Stock up on gluten-free baking essentials
Gluten-free grocery items can run you a pretty penny more than the regular version. To ensure you don’t go broke buying all the gluten-free flours in existence, Seery suggests that instead, you stock your gluten-free pantry with the following items, which allow you to tinker with recipes and get the desired “regular” texture you crave:
- All-purpose gluten-free flour (like King Arthur Gluten-Free All-Purpose Flour)
- Superfine brown and white rice
- Potato starch
- Tapioca starch
- Xanthan and guar gums (for a light, fluffy texture and amazing chew)
- Almond flour
- Sweet rice flour (for chewiness)
- Millet flour (for bread)
- Arrowroot or cornstarch (for thickening or more tender baked goods)
- Oat flour (in small amounts to add fiber and structure)
Weigh Your Gluten-Free Flour
Generally speaking, accurate measuring in baking is key for a delicious final product, but in the case of gluten-free baking, this is true tenfold because your margin of allowed error is much smaller. “Gluten-free flours can be fickle,” says Larissa Wilson, owner of Hannah’s Gluten-Free Bakery in Mesquite, TX. “Just a couple teaspoons more than your recipe requires can ruin it.”
Depending on how you scoop regular wheat flour to measure it — packing it tight, scraping the top with a knife — it’s hard to be exact and consistent, which is why when you’re baking with gluten-free flour, “investing in a good food scale is a must,” says Wilson.
Depending on your gluten-free flour alternative of choice, the ideal weight measurement can vary a little, so be sure to cross check with this flour weight chart.

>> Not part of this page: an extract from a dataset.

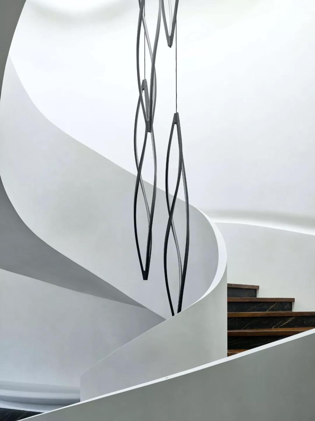 柔性模具技术和精密设计的混凝土砖构成了该“麻花”混凝土卷墙的结构。四米高的玻璃窗在12个拱形之间,这些
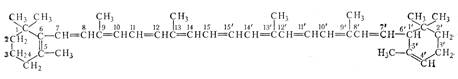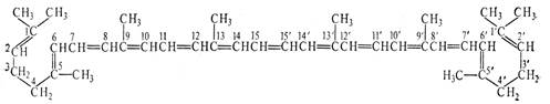 Одна из характерных особенностей этих соединений — наличие в них значительного числа сопряженных двойных связей, образующих их хромофорные группы, от которых зависит окраска. Все натуральные каротиноиды могут рассматриваться как производные ликопина — каротиноида, обнаруженного в плодах томатов, а также в некоторых ягодах и фруктах. Эмпирическая формула ликопина С40 Н56 . Строение ликопина представлено на рисунке 1

While You’re At It, Cut Out Dairy, Too
“Many people with a gluten allergy also have additional food allergies, with dairy being the most common,” explains Seery. Consider substituting any dairy-based fat choices that the original recipe calls for with something dairy-free and similar in texture. Seery swears by these substitutions:
- Replace melted butter with melted coconut oil or sunflower oil
- Replace creamed butter with Earth Balance sticks or cold coconut oil
- Replace Crisco with organic sustainable palm shortening
- Replace whole milk with canned coconut milk
Prepare To Tinker With Wet Ingredients
One of the hardest parts of gluten-free baking is creating that desired final texture of a regular chewy cookie or a soft loaf of bread. “Many gluten-free flour blends are ‘thirsty’ and soak up a larger amount of fluid,” explains Wilson. “You may need to add a little more of your wet ingredients than your recipe calls for.”
Utilize A Cooling Rack
When your hot baked goods are ready to come out of the oven, don’t let them sit and cool in a pan. The starch and xanthan gum used in your gluten-free recipe are notorious for holding onto moisture — and if your cookies or muffins get that steam trapped inside of them, prepare yourself for a gummy bite of pastry. Always allow items to cool completely on a wire cooling rack as soon as they come out of the oven.
Start With A Gluten-Free Cookbook
Arming yourself with a gluten-free cookbook is a great way to learn techniques of the trade and add a ton of yummy, tested-and-perfected recipes to your repertoire. Seery’s favorite: The How Can It be Gluten Free Cookbook by America’s Test Kitchen.
Accept And Repurpose Your Mistakes
Just accept the fact you’re going to bake a lot of bricks before finally perfecting your gluten-free banana bread recipe. “Don’t be discouraged by your mistakes and if [a recipe] doesn’t work out, try to use what you’ve made for another purpose,” says Wilson.